To perform analysis on each profile based on previous posts, we first compute the average number of likes on a profile out of all of the posts to establish a threshold of satisfiable performance. The influence of each keyword on the profile is represented by the cumulative difference with the mean number of likes, positive value representing positive influence toward the performance of the account, and vice versa. Subsequently, we applied the well-trained machine learning model to determine whether the sentimental polarity of text and image in each post of the profile are misaligned, which will be denoted once the number of likes fall under the average.The success score of each post is computed by p-value with the specific z-score under normal distribution, rescaled in the range of [-10, 10]. In addition, the key words and attributes imposing significant influence on the post are identified in comprehensive analysis.
Challenges I ran into
For the front end, there were difficulties in communicating what we expected from the back end, however through writing everything down and clarifying exactly what JSON we would use to communicate, we were able to overcome the challenge. Additionally, mobile development was very difficult at many points and required thorough testing in mobile devices connected to a local Python HTTP server.
Accomplishments that I'm proud of
We’re proud of both the subtle animations, grand design, and usefulness of the app. Additionally, our team ran very well, as we had a dedicated member for front end web development, back end web development, and data science, allowing us to create a strong result using each of our respective strengths and diverse perspectives.
What I learned
For front-end, we practiced parsing complicated JSON objects, working with Chart.js, researching an Instagram scraper, and further practicing general Bootstrap skills when writing CSS. Additionally, it was fascinating how just one word contributed so much to the rest of posts.
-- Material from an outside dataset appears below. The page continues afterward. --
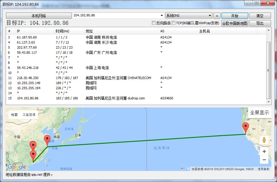 18.|-- 104.192.80.86 0.0% 4 151.9 152.0 151.8 152.5 0.0
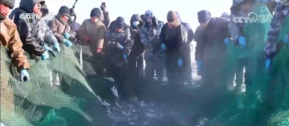 在克什克騰旗達(dá)里湖現(xiàn)場(chǎng),人工鑿冰、冰下走網(wǎng),冬捕隊(duì)員在作業(yè)時(shí)選用5公分網(wǎng)眼,這樣捕魚(yú)時(shí)就能漏掉小魚(yú)。馬拉絞盤(pán)將大網(wǎng)拖拽出網(wǎng)口,滿(mǎn)載魚(yú)兒的漁網(wǎng)慢慢地從湖水中出來(lái),游客們感受豐收的喜悅。

What's next for SocialmedAI
SocialmedAI could be advertised towards businesses, students, and other customer segments to receive a higher user base after a marketing campaign. Additionally, SocialmedAI can expand into analytics on other platforms, such as analyzing Twitter posts, Facebook posts, and more. There were initial plans to track recent sentiment on Twitter for different hashtags, however we ran out of time to implement this idea, though we had real-time graphs being generated with chart.js and a Twitter sentiment analyzing program set up and trained. We briefly brainstormed a feature for uploading an image then, based on past posts, generating a caption for it that will increase maximum engagement, allowing corporations to upload many photos at once, have our service automatic caption generation, and letting them post it later.